En este país del sudeste asiático fueron asesinadas 2 millones de personas en los 70. Los campos de exterminio son ahora atractivos turísticos.
Sábado a la mañana en Phnom Penh. En la calle, muchos caminan hacia la avenida Preah Sisowath, la zona más turística, a orillas del Río Tonlé Sap. Esta ciudad es capital del Reino de Camboya, país del sudeste asiático que formaba parte de la Indochina Francesa (con Laos y Vietnam). “¿Vas a los bang bang bang?”, pregunta el taxista imitando con sus brazos una ametralladora en acción. Su risa resulta desagradable: parece desconocer su propia historia. El hombre deduce adónde voy: a los campos de la muerte.

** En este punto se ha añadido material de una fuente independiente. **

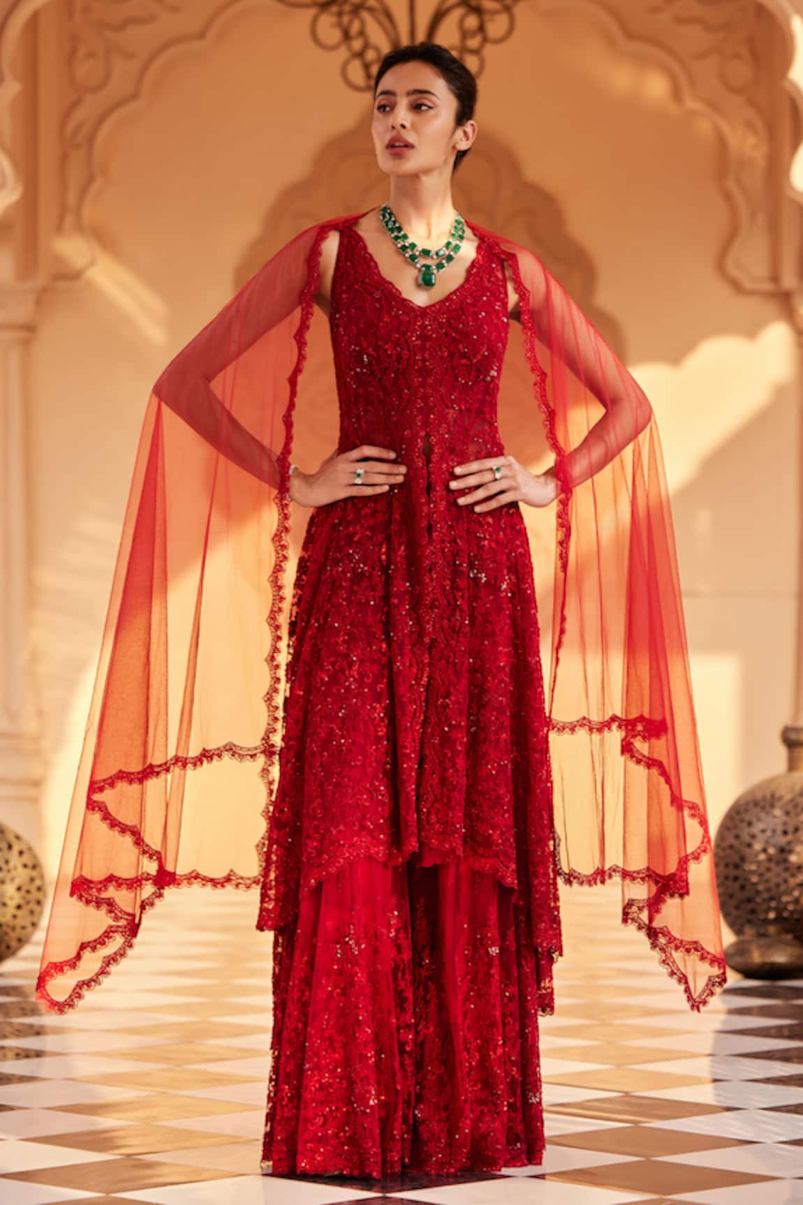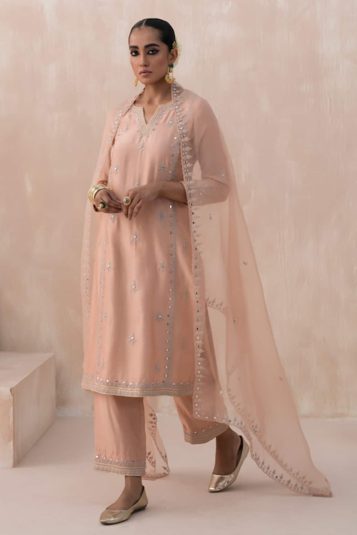 Bead Embellished Kurta Bell Bottom Trouser Set

El terror en los huesos, exhibidos en el museo. Foto: Lorena Samponi
A 15 kilómetros de la capital se encuentra un pasado sombrío y brutal que, poco a poco, se volvió punto turístico. Los campos de la muerte –The Killing Fields– cada día reciben a cientos de personas que visitan el lugar donde funcionó uno de los 300 centros de tortura durante la dictadura que comenzó en 1975. Este campo de exterminio, conocido como Choeung Ek, está alejado de la ciudad. Para llegar, el tuctuc –triciclo motorizado que funciona como taxi en Asia– se abre paso a toda velocidad por un camino de tierra todo poceado. El calor es sofocante. “Es mejor llegar temprano para recorrerlo”, aclara el taxista. La primera imagen en las afueras de la capital es poco grata. Cada tanto, los olores son tan nauseabundos que nos obligan a taparnos la nariz. En Camboya la desigualdad se respira a cada paso. Es el reflejo de un país que se recupera, pero a cuenta gotas. “Cuidado con la mochila”, me aconseja el taxista.

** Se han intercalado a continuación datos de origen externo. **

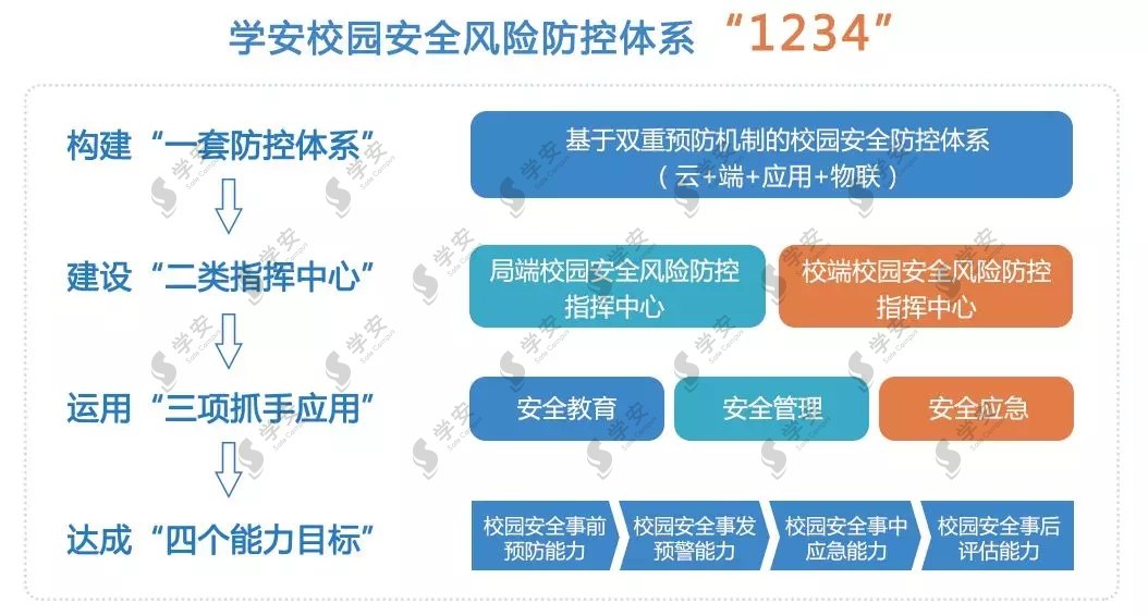 學安—“AI+”校園安全風險防控體系應用云計算、大數據、物聯網和人工智能等先進技術,融人防、物防、技防于一體,通過校園安全云平臺和校端安全生態鏈產品建立起局校可視化聯動、共享的校園安全風險防控生態,鑄就“全域、全時、全程、全員”的360度安全防護體系,讓校園更陽光。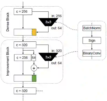话题转回来,MeliusNet根据用shotcut和concat增强Quality和Capacity的指导思想设计了两个二值友好的模块,如下图所示,一个是Dense Block,另一个是Improvement Block,这两个模块在网络中每次都是交错出现,在整个信息流中不断地增强二值化feature map的信息表达,从而提升精度。这篇论文除了这个核心思想之外,还提出了一个我觉得比较有意思的思路,那就是二值化网络应该有一套自己的网络结构,这种二值化友好结构的效果要优于相似FLOPs下全精度模型二值化后的结构,并且做了相应的实验进行验证,通俗地来讲就是倡导大家要走二值化特色社会主义道路。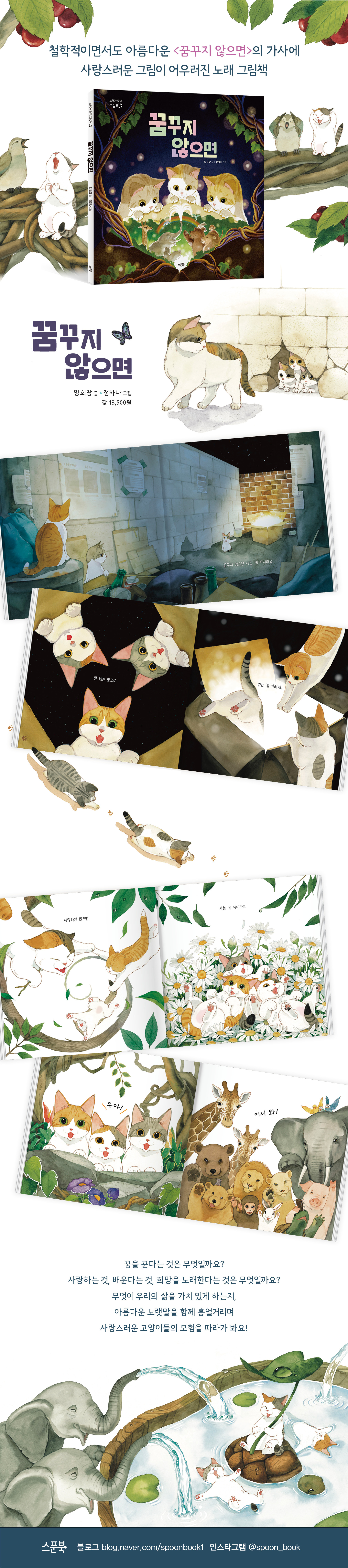 〈꿈꾸지 않으면〉의 아름다운 노랫말에 고양이 일러스트레이터 정하나 작가의 사랑스러운 그림이 더해져 탄생한 스푼북 〈노래가 좋아 그림책〉 시리즈의 첫 번째 책! 책 속에서 세상을 배우고, 희망을 그리며, 서로를 사랑한다는 것, 아름다운 꿈을 꾼다는 것의 참 의미와 가치를 함께 생각해 봐요.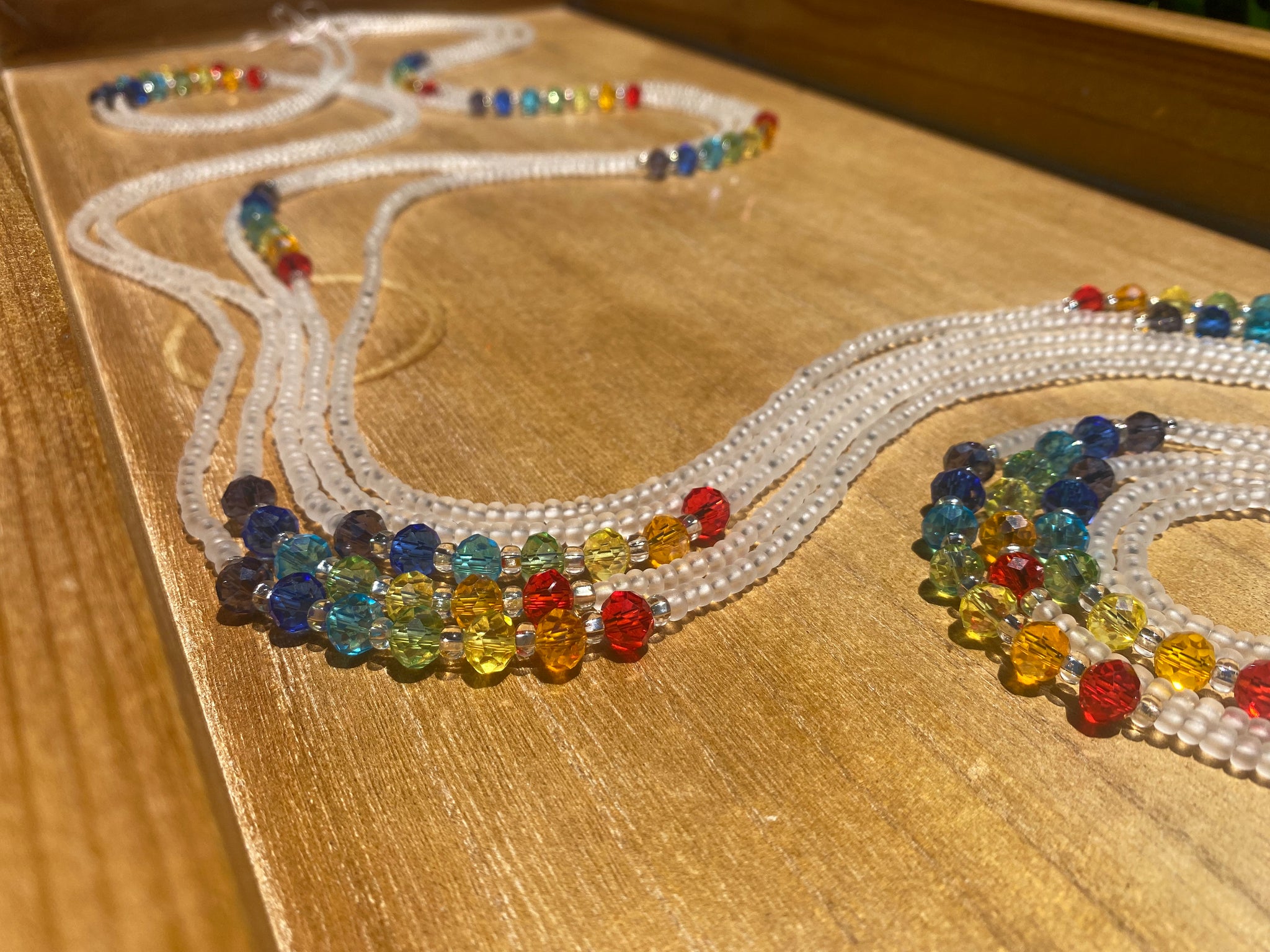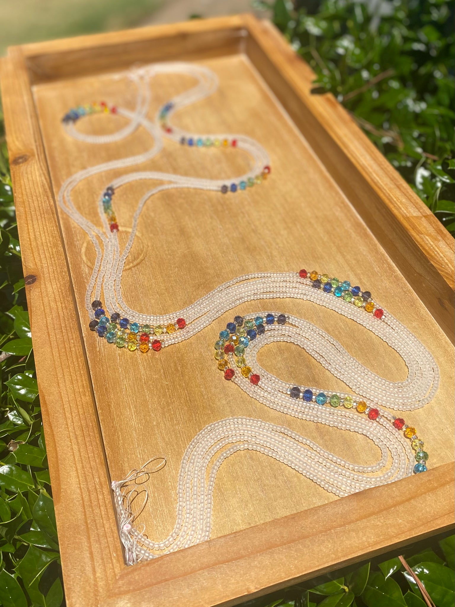 This is a grounding strand. Great for harnessing the energy of all 7 chakras. It features chakra faceted crystal beads.
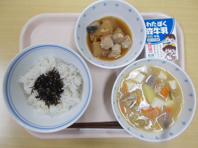 ごはん ひじきふりかけ 豚汁 ぶり大根 牛乳
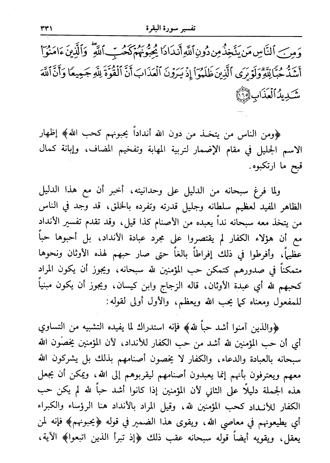 وَمِنَ النَّاسِ مَنْ يَتَّخِذُ مِنْ دُونِ اللَّهِ أَنْدَادًا يُحِبُّونَهُمْ كَحُبِّ اللَّهِ وَالَّذِينَ آَمَنُوا أَشَدُّ حُبًّا لِلَّهِ وَلَوْ يَرَى الَّذِينَ ظَلَمُوا إِذْ يَرَوْنَ الْعَذَابَ أَنَّ الْقُوَّةَ لِلَّهِ جَمِيعًا وَأَنَّ اللَّهَ شَدِيدُ الْعَذَابِ (165)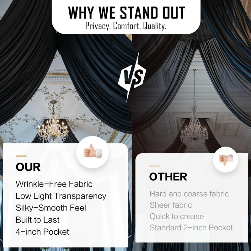 - Luxury Soft Polyester Fabric | Ultra-Low Sheer : Made from premium wrinkle-resistant polyester, these drapes feature ultra-low light transmission for a soft, elegant look. Lightweight yet durable, they resist tearing and maintain a flawless, flowy appearance throughout your event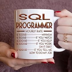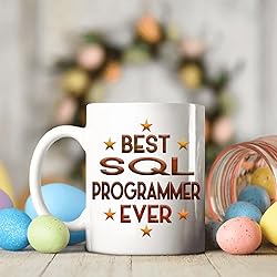 - Best Sql Programmer Ever 11oz White Ceramic Mug: Monizilucky creates unique funny coffee mugs which make great Birthday gift ideas for men, Birthday gift ideas for women, Valentine’s Day gift ideas, Mother’s Day gift ideas for Mom from Daughter or Son, Father’s Day gift ideas for Dad, Anniversary gift and Christmas present ideas for him or her. This funny coffee mug is made out of high quality ceramic. If you're shopping for a gift, you've found the one. Have a great gift delivered to their door, on-time in a nice gift box. This is the perfect mug for you or for someone you want to bring a smile to. A perfect size mug you can drink tea, soup or coffee out of. ● Printed in the USA ● Worldwide shipping ● Print type: Sublimation printing ● Material: Ceramic ● Color: White ● Sizing: 11oz ● Printed on both sides.

En el Choeung Ek hay rastros de pasado, como son los árboles de la palma de azúcar cuyas hojas eran utilizadas para cortar la garganta de los prisioneros. En la tierra abundan los pozos que, según la gente del lugar, “es porque ahí hubo tumbas”. Todavía hay cadáveres escondidos. Cuando llueve es frecuente que harapos, huesos y dientes asomen a la superficie. También el lugar conserva “El árbol mágico”, de donde se colgaban los parlantes que emitían las marchas comunistas. El audioguía que alquilé a la entrada del predio asegura que “es el tipo de árbol donde Buda se sentó cuando alcanzó la iluminación”. Cada noche, sobre ese gran árbol, los soldados estrellaban cabezas de los bebés y niños que llegaban al campo de exterminio. Las madres eran obligadas a observar los asesinatos. Tenían prohibido llorar.

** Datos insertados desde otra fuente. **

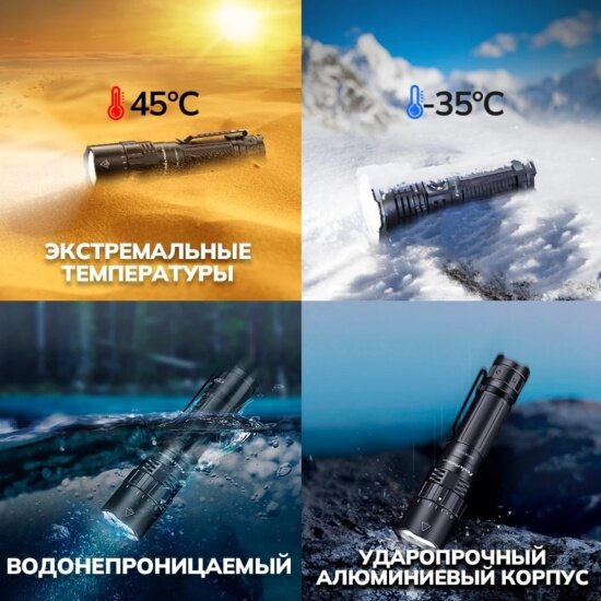 | Особенности | USB-зарядка / влагозащита / дальний свет / индикация заряда / кабель USB / клипса для крепления / магнитное крепление / режим турбо / сигнальный режим / стробоскоп / ударопрочный корпус / холодный белый свет / чехол / шнурок для переноски / экономичный режим / Механическая регулировка яркости / Полная стабилизация яркости |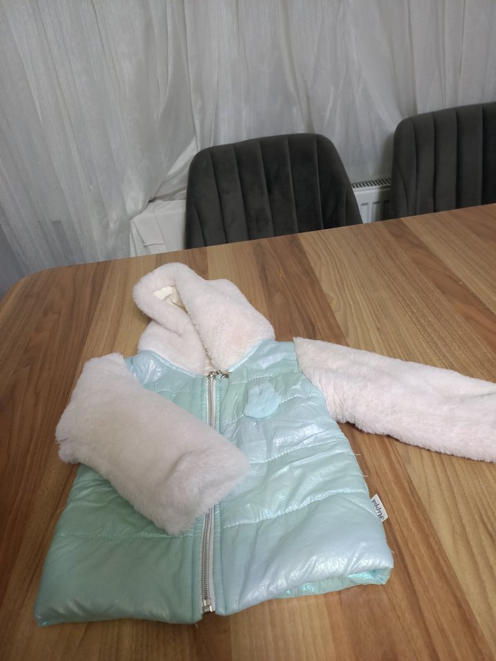 Kızlar için beyaz peluş detaylı kapüşonlu mont, pastel renkli ve fitted kesimle rahatlık sağlar. lekeler mevcut çıkabilir detaylı yıkama yapılırsa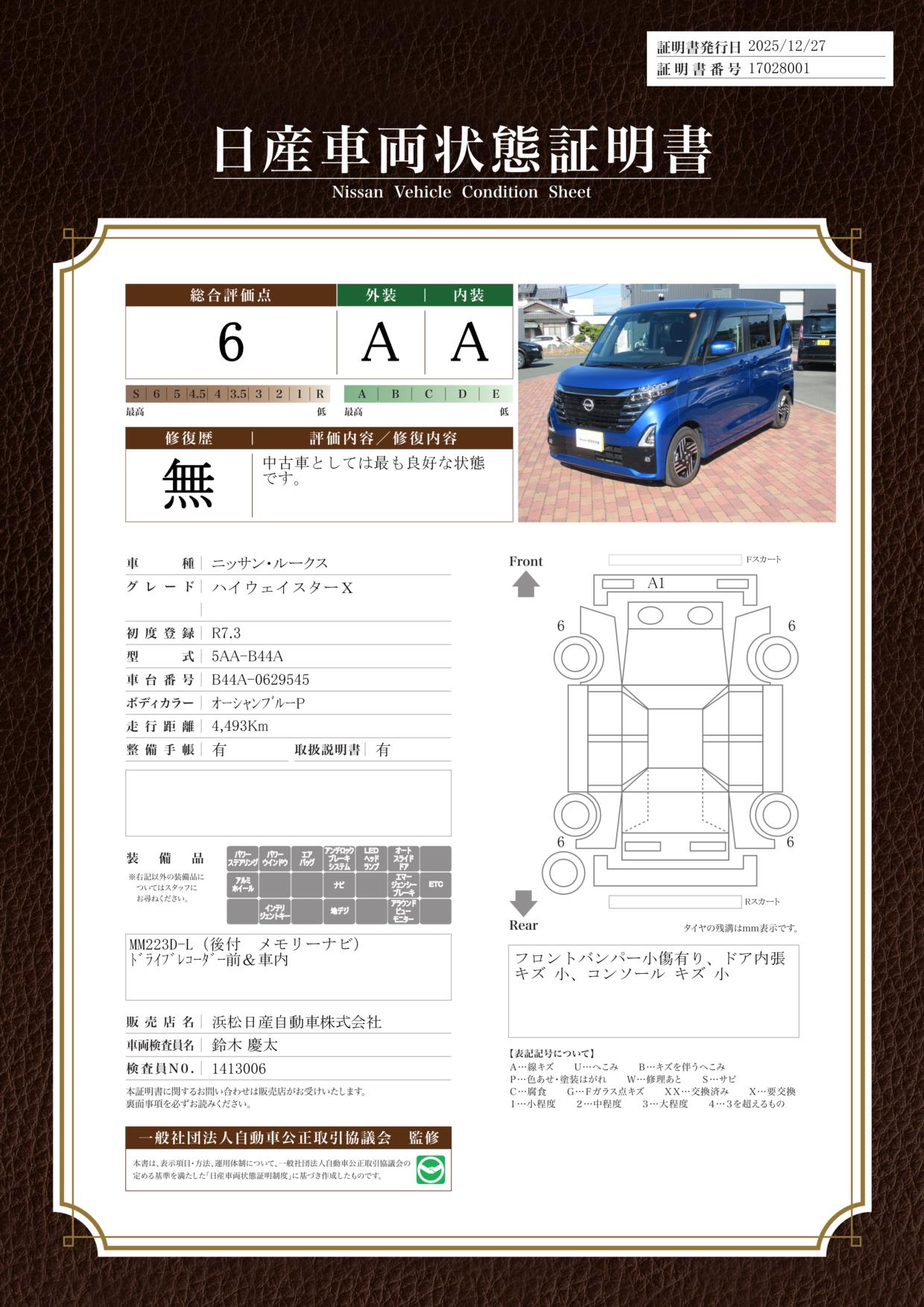 ルークス 660cc 660 X 純正ナビ ドラレコ ETC全周囲カメラ

Testimonio de la cama de tortura. Foto: Lorena Samponi
Cuando el Choeung Ek se volvió museo, a metros de la entrada, se construyó una gran estupa de forma budista. Hay que descalzarse para entrar. Adentro de esa estructura de cemento, hay poco espacio para moverse. Nos sumergimos a través de vidrieras que en su interior contienen unos cinco mil cráneos divididos según edad y sexo. En ese lugar, cada 20 de mayo se realiza una ceremonia para conmemorar El día de la ira, mientras cientos de monjes budistas rezan.
El comienzo del horror
El ideólogo, en principio desde el anonimato, fue Pol Pot, un hijo de acomodados terratenientes formado en Francia, que durante su estadía en París pensó cómo Camboya podía dejar de ser una colonia. Así se acercó a las ideas comunistas y junto con otros compatriotas que estudiaban con él decidió formar el Partido Comunista Camboyano. Cuando la idea de revolución era un hecho, Pol Pot volvió a su país y se unió a los norvietnamitas, una alianza que duró poco. En la jungla fronteriza con Vietnam se fortalecieron los Jemeres Rojos, aldeanos vueltos revolucionarios bajo el liderazgo de Pol Pot, que en cuatro años asesinaron a más de dos millones de personas.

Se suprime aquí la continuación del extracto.